Les nouvelles normes européennes du reporting extra financier visent à permettre de mieux saisir les mouvements à l'œuvre en matière environnemental. Elles contribuent à objectiver davantage la mesure et participent à l'intégration d'une comptabilité environnementale et sociale  dans la comptabilité financière historique. Retour sur le direct du 11 avril dernier porté par le Crédit Coopératif.


Pour toucher du doigt la réalité de la "transition écologique", encore faut-il disposer d'indicateurs permettant de mesurer les trajectoires de décarbonation des entreprises, avec les conséquences sociales qui vont avec. Une mesure où nous en sommes encore à l'heure des approximations. C'est l'objectif de la directive européenne CSRD que de faire du reporting extra-financier un véritable levier d'aide à la décision à travers une grille de lecture normée. "Pour que la transformation écologique en cours soit juste, il va falloir compter différemment. Le nouveau reporting qui s'impose aux entreprises va nous permettre de rendre visible des éléments non pris en compte jusqu'à maintenant. Les banques vont avoir un niveau de connaissance plus profond des entreprises clientes sur notamment les externalités qui va différencier les conditions de financement", introduit Jérôme Saddier, le président du Crédit Coopératif.


L'enjeux de financement du pacte vert européen est bien en toile de fond de cette directive, transposée fin 2023 en France où un groupe de travail orchestré par l'autorité des normes comptables a rendu un avis sur la norme produite par la commission européenne. Entre les commissaires aux comptes, les représentants patronaux, les investisseurs et les syndicats, le groupe comptait une trentaine de membres répartis en 3 sous groupes : environnement, social et gouvernance. "Nous avons recherché le consensus pour rendre un avis commun, il ne s'agissait pas de négocier. C'est un exercice inhabituel en France mais pourtant essentiel", témoigne Ute Meyenberg, membre du groupe de travail sur le social, membre de la Commission d’information sur la durabilité de l’Autorité des normes comptables et secrétaire nationale CFDT Cadres. Et celle-ci d'ajouter : "le sujet est à la fois technique et politique".

 

Une comptabilité politique
 

"Il y a une opposition sur la question de la double matérialité avec une Europe qui veut prendre en compte à la fois les conséquences financières et non financières des activités des entreprises sur l'environnement et le social. Ce n'est pas le cas aux Etats-Unis où l'on ne compte que les conséquences financières directes", confirme Xavier Leroy, responsable des services aux investisseurs chez Ethifinance, une agence de notation extra-financière. "La réindustrialisation pose avec acuité la pertinence de la double matérialité", souligne Xavier Leroy.

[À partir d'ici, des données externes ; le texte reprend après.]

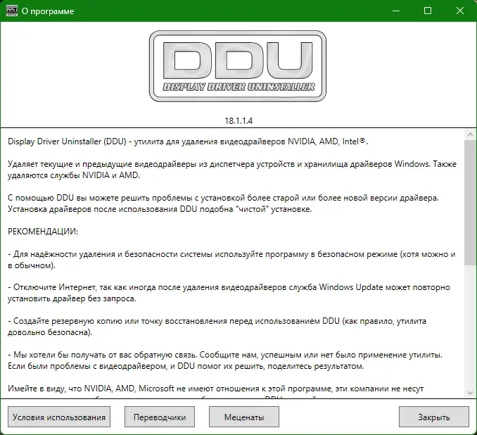 - Перед первым запуском рекомендуется перезагрузить систему в безопасном режиме для максимальной эффективности удаления драйверов.
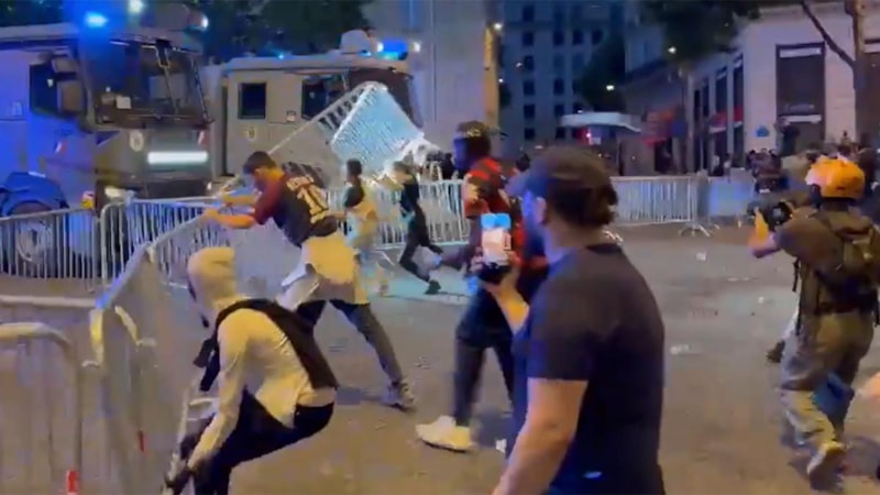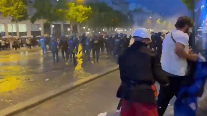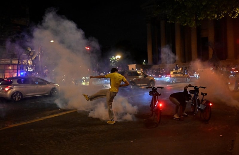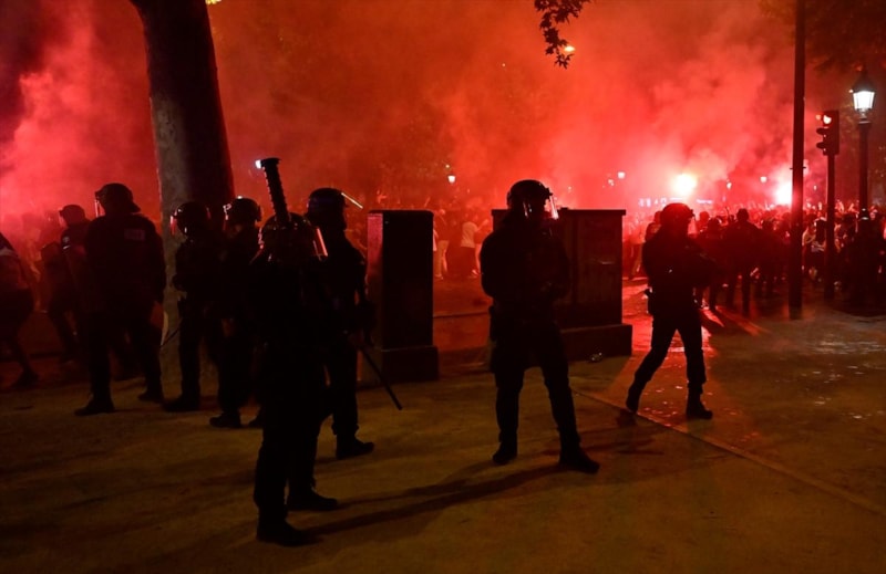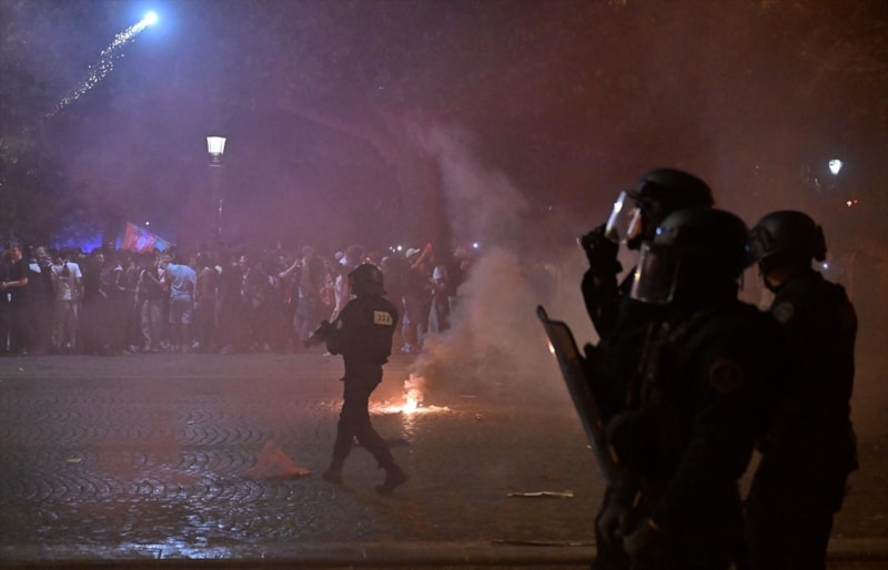 Sosyal medyaya yansıyan görüntülerde Parc des Princes stadının etrafında ve Şanzelize Caddesi'nde polisin taraftarlardan oluşan kalabalığı dağıtmak için biber gazı ve copla müdahalede bulunduğu görüldü.

Cette normalisation du reporting européen, en mode double matérialité, avec validation par un tiers apparaît plus comme une contrainte que comme une opportunité dans beaucoup d'entreprises. "La CSRD est une étape indispensable pour sortir du RSE washing. La comptabilité n'est pas figée, elle évolue. L'introduction de l'amortissement a d'abord été vue comme une contrainte par une frange des employeurs", rappelle Alexandre Rambaud, Co-directeur de la chaire "Comptabilité Ecologique" (AgroParisTech, Université Paris-Dauphine, Université de Reims Champagne-Ardenne, Institut Louis Bachelier), co-directeur de la chaire "Double Matérialité" (Institut Louis Bachelier) et co-porteur de CARE (Comptabilité Adaptée au Renouvellement de l'Environnement), une démarche de recherche appliquée en comptabilité écologique. Des entreprises expérimentent donc une comptabilité CARE. Et Alexandre Rambaud de conclure : "C'est l'occasion d'objectiver la trajectoire de décarbonation pour justifier les besoins de financement. C'est une épreuve de vérité. D'abord en interne où l'on a constaté une mise en débat au sein des comités de direction".